§ **What is needed**:
Please reproduce the listing verbatim, without its images.

§ **Given information**:
<<<<

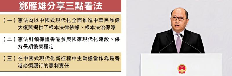 鄭雁雄分享三點看法,他指出,憲法為以中國式現(xiàn)代化全面推進中華民族偉大復(fù)興提供根本法律依據(jù)和根本法治保障。黨的二十大系統(tǒng)闡述了黨的中心任務(wù)和中國式現(xiàn)代化的中國特色、本質(zhì)要求、重大原則,這些重要內(nèi)容在憲法中都找得到相關(guān)的規(guī)范依據(jù)與制度形態(tài)。全面實施憲法,是中國式現(xiàn)代化的應(yīng)有之義。憲法引領(lǐng)保證香港參與國家現(xiàn)代化建設(shè)、保持長期繁榮穩(wěn)定。“一國兩制”得以實行、香港特別行政區(qū)得以設(shè)立、香港基本法得以制定、香港之所以能夠享有高度自治權(quán),其根本依據(jù)正是憲法。實踐證明,只有牢固樹立憲法意識,堅定依靠憲法和基本法保駕護航,才能有效保障香港長期繁榮穩(wěn)定和健康可持續(xù)發(fā)展的權(quán)利,才能在國家現(xiàn)代化建設(shè)中發(fā)揮香港所長、匯聚香港力量。在中國式現(xiàn)代化新征程中主動擔當作為是香港必須履行的憲制責任。
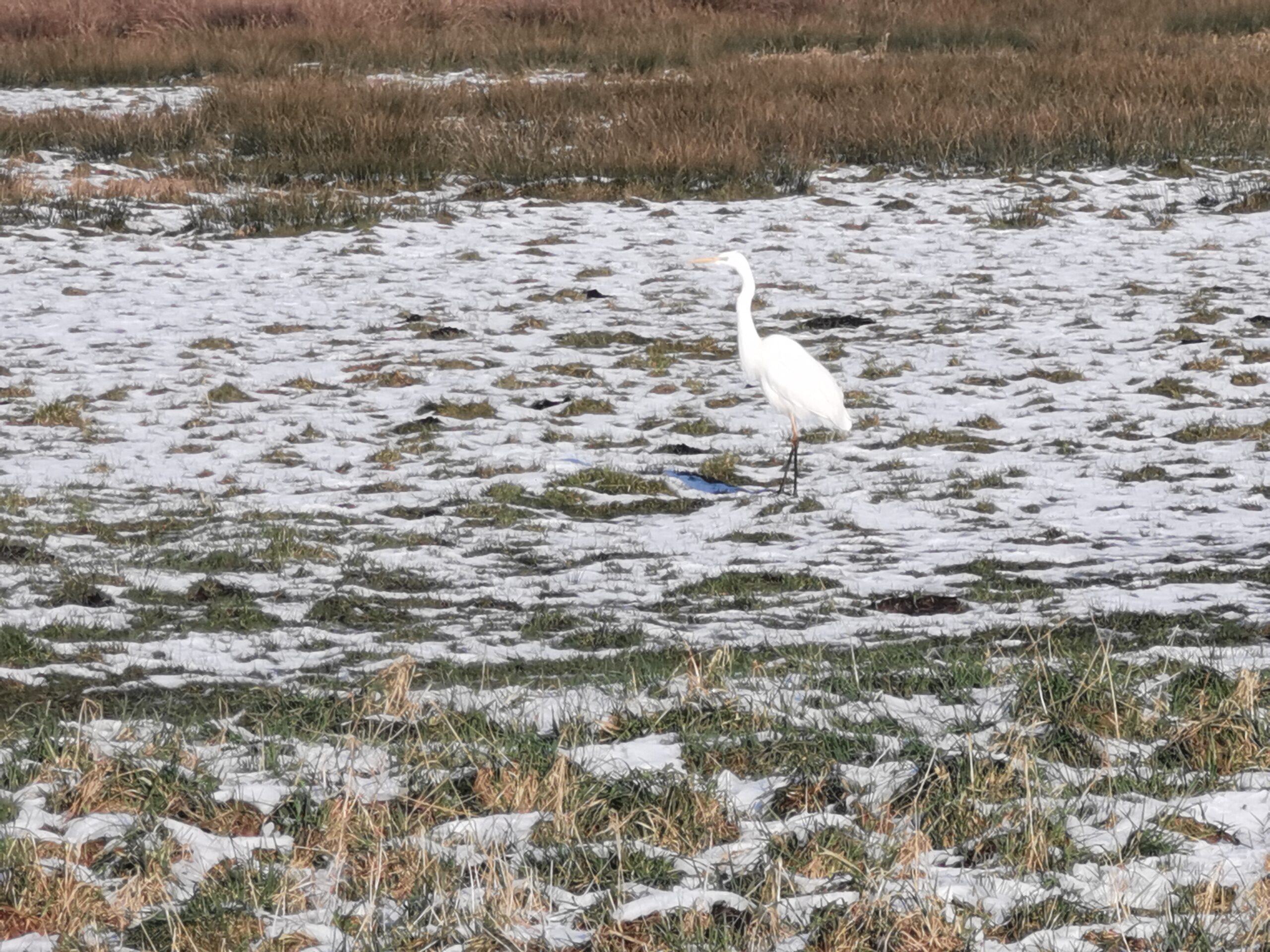 16 februari: In de Stenhorsten staat een Koereiger in de sneeuw (waarnemer: Aart Wedemeijer).
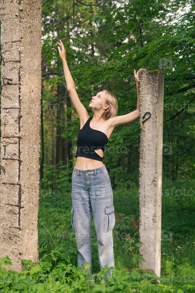 Молодая женщина позирует рядом с бетонными сваями среди природного ландшафта

>>>>

§ **Answer**:
 鄭雁雄分享三點看法,他指出,憲法為以中國式現(xiàn)代化全面推進中華民族偉大復(fù)興提供根本法律依據(jù)和根本法治保障。黨的二十大系統(tǒng)闡述了黨的中心任務(wù)和中國式現(xiàn)代化的中國特色、本質(zhì)要求、重大原則,這些重要內(nèi)容在憲法中都找得到相關(guān)的規(guī)范依據(jù)與制度形態(tài)。全面實施憲法,是中國式現(xiàn)代化的應(yīng)有之義。憲法引領(lǐng)保證香港參與國家現(xiàn)代化建設(shè)、保持長期繁榮穩(wěn)定。“一國兩制”得以實行、香港特別行政區(qū)得以設(shè)立、香港基本法得以制定、香港之所以能夠享有高度自治權(quán),其根本依據(jù)正是憲法。實踐證明,只有牢固樹立憲法意識,堅定依靠憲法和基本法保駕護航,才能有效保障香港長期繁榮穩(wěn)定和健康可持續(xù)發(fā)展的權(quán)利,才能在國家現(xiàn)代化建設(shè)中發(fā)揮香港所長、匯聚香港力量。在中國式現(xiàn)代化新征程中主動擔當作為是香港必須履行的憲制責任。
 16 februari: In de Stenhorsten staat een Koereiger in de sneeuw (waarnemer: Aart Wedemeijer).
 Молодая женщина позирует рядом с бетонными сваями среди природного ландшафта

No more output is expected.